High enough concentrations of drugs for long enough are required to cover the life cycle of borrelia, and that is much - much - longer than most other infections

Yet, for some other infections the treatment is too little for too short a time and that sets one up for resistance. Or the Rx is not the best fit for the particular person's case, etc.

Also contributes to super bugs:

deep use of acetaminophen as it blocks glutathione in all bodies cells and shuts down the "clean out" process - also so very hard on the liver and that can make patients substantially weaker.

and PPIs, too, contribute to this in hospitals. Proton Pump Inhibitors raise the risk of c. diff terribly. And they are passed around like candy instead of using more gentle measures and prevention for GI issues.

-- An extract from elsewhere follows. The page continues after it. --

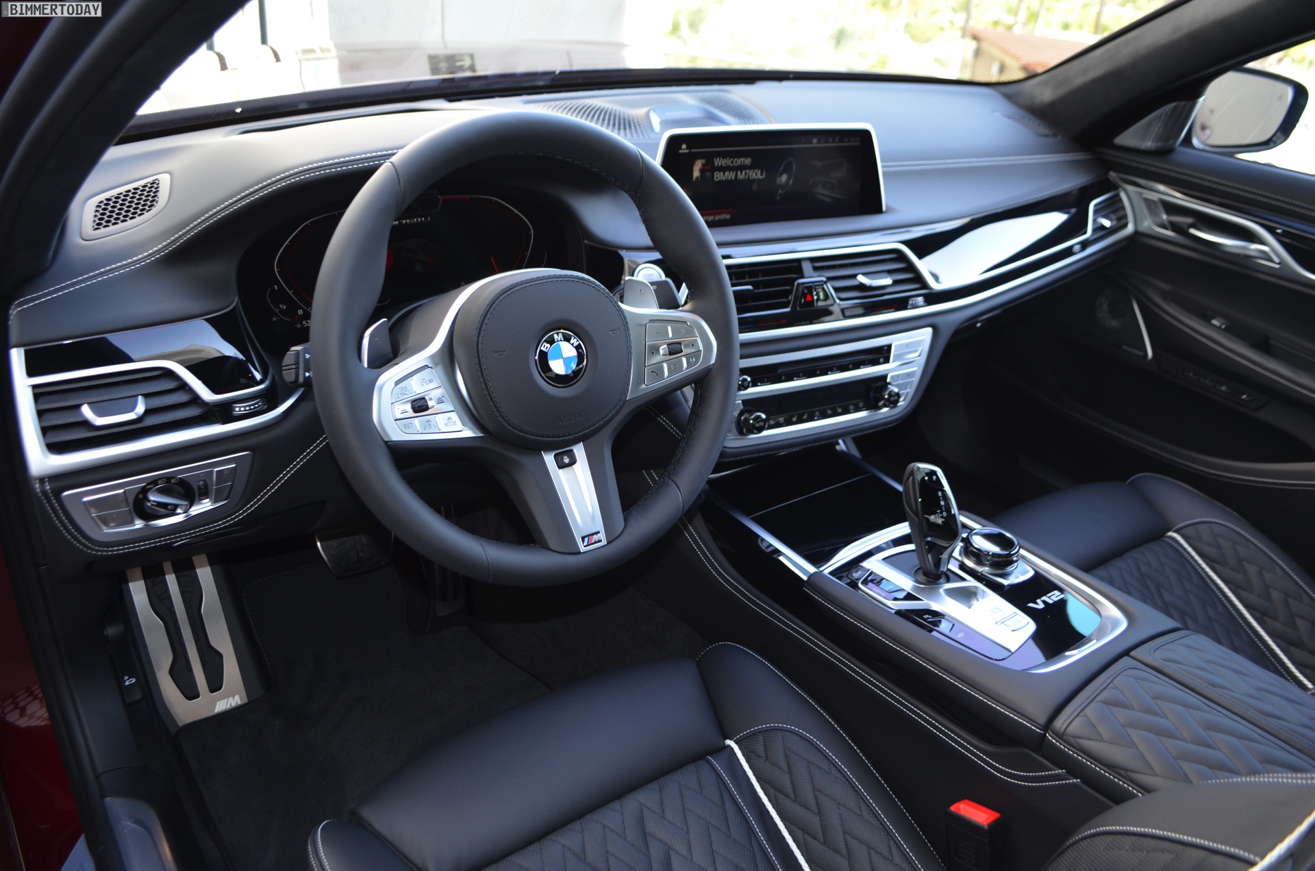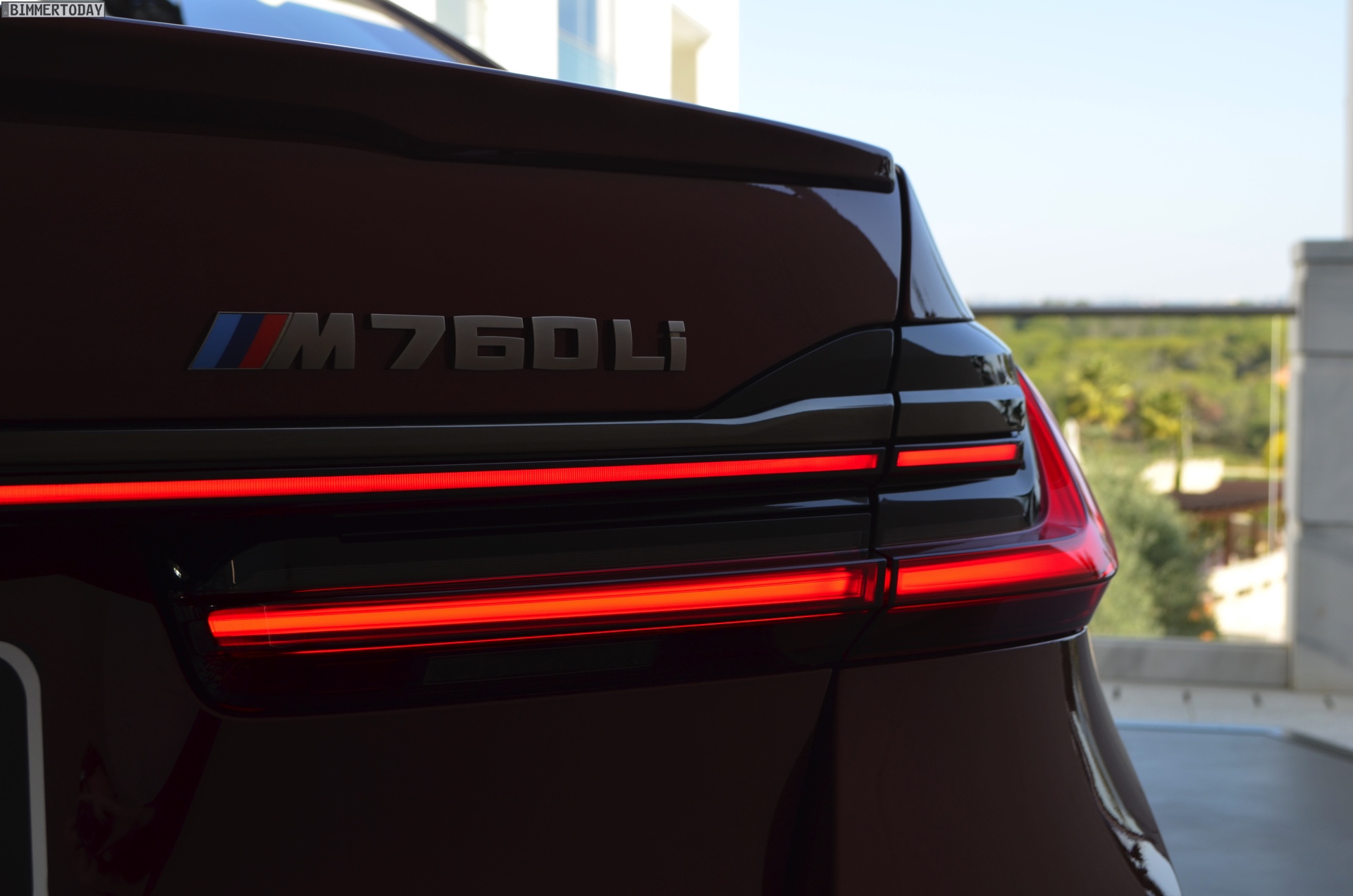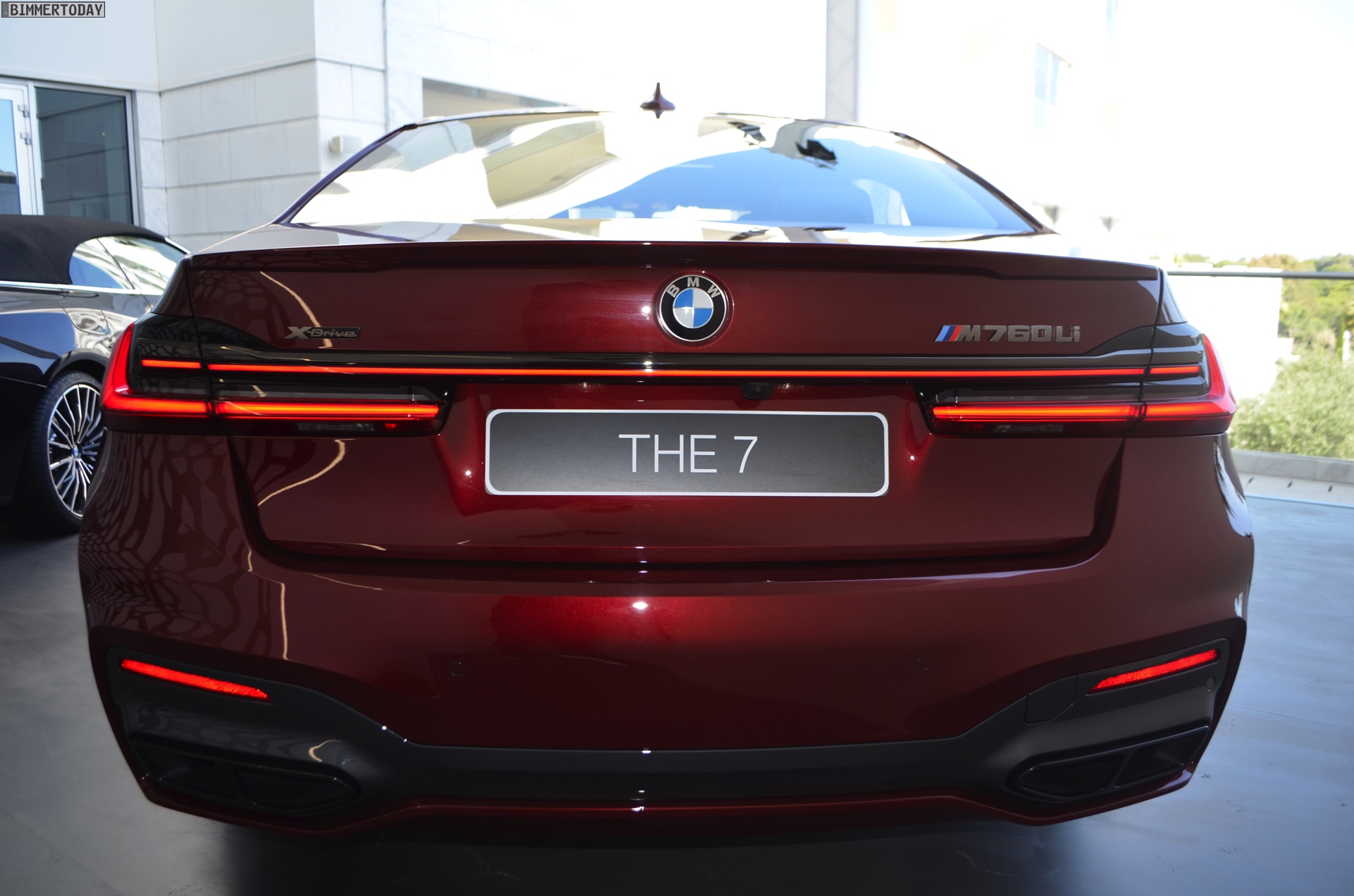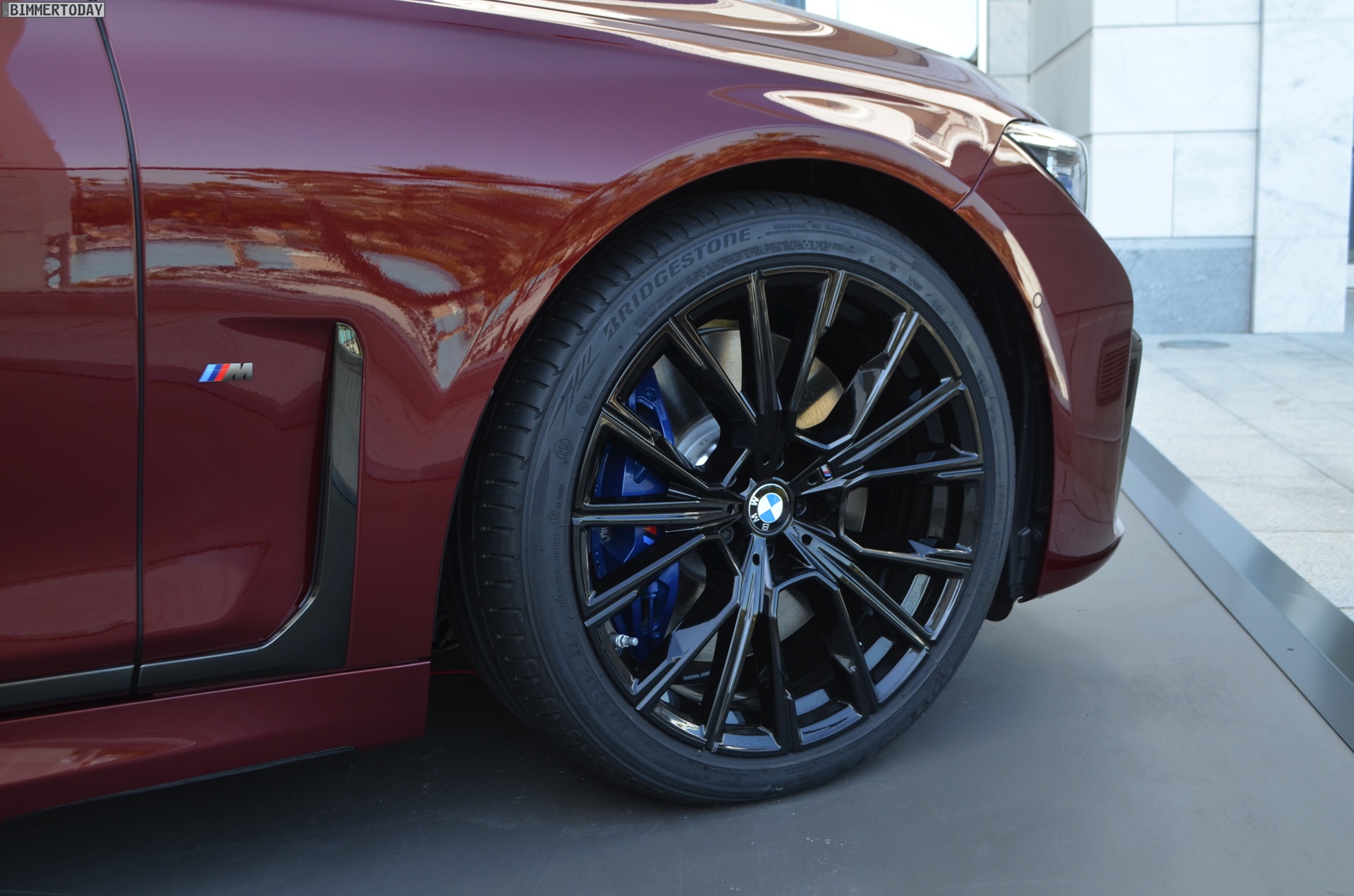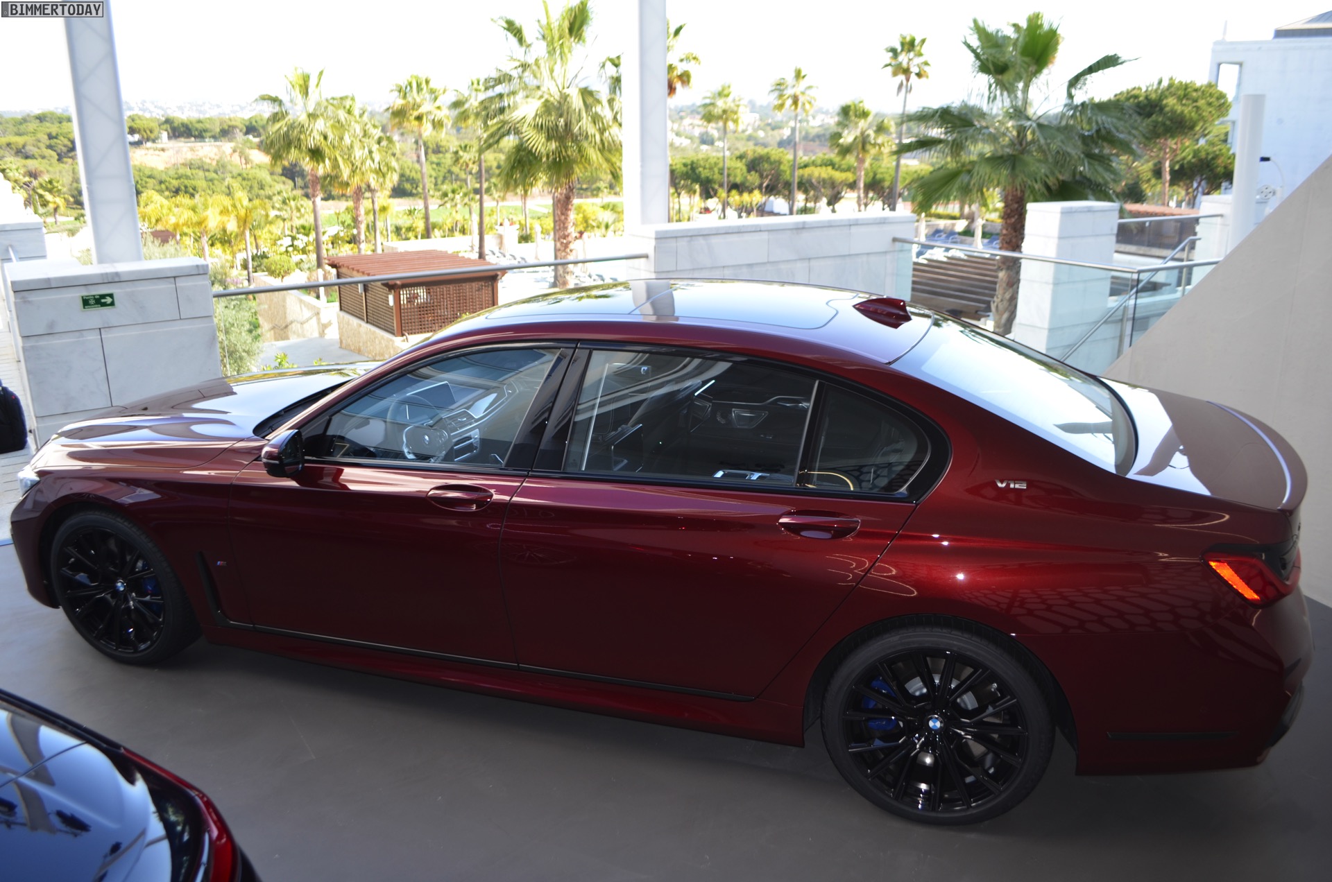Unsere aktuellen Fotos zeigen das Topmodell mit auffälliger Individual-Lackierung in Aventurin-Rot und der Shadow Line mit erweiterten Umfängen. Letztere sorgt unter anderem dafür, dass die mächtigen Nieren an der Front in Hochglanzschwarz ausgeführt sind, wodurch der Gesamteindruck erheblich sportlicher wird. Schwarze Felgen und weitere Details in der dunkelsten aller Farben runden das besondere Exterieur ab und machen auch Laien klar, dass hier kein “gewöhnlicher 7er” unterwegs ist.

Lack of PROBIOTIC use - which should be individually assessed for each patient as not all will need, can use or benefit from cookie cutter approaches.

flushing communal toilets with no lids - of course icky stuff is flying around the air and lands anywhere, is carried everywhere. A very bad design, toilets with no lids to close before flushing. Special lights would be of tremendous help in bathroom.

and the chemical assault on all this. Special antimicrobial LIGHTs should be used instead of the full on chemical assault. Some hospitals are doing this and find great success.

All these sprays - even the hand gels - are damaging to everyone. All that gets absorbed into the body and it's not a good thing for anyone, anytime but especially when they are ill.

Also the full on sensory assault of hospital patients - lights, NOISE to the max at every turn and on every gadget, the rushing atmosphere and cattle call approach . . . lack of good restful sleep and nutritious foods . . . all this weakens patients substantially.

Patients should be treated with tender loving care at each step. And that rarely happens. The staff is often overworked, overstretched and staff are not always treated kindly from the top down.

This matters. Kindness, tender, loving care. A soothing, healing environment. That is just not what hospitals "do" by any stretch. People are like cars, in the repair shop.

[ 07-12-2015, 02:35 PM: Message edited by: Keebler ]
Posted by canefan17 (Member # 22149) on :
Bartonella, imo, develops resistance faster than Borrelia.

Just a guess though from my experiences.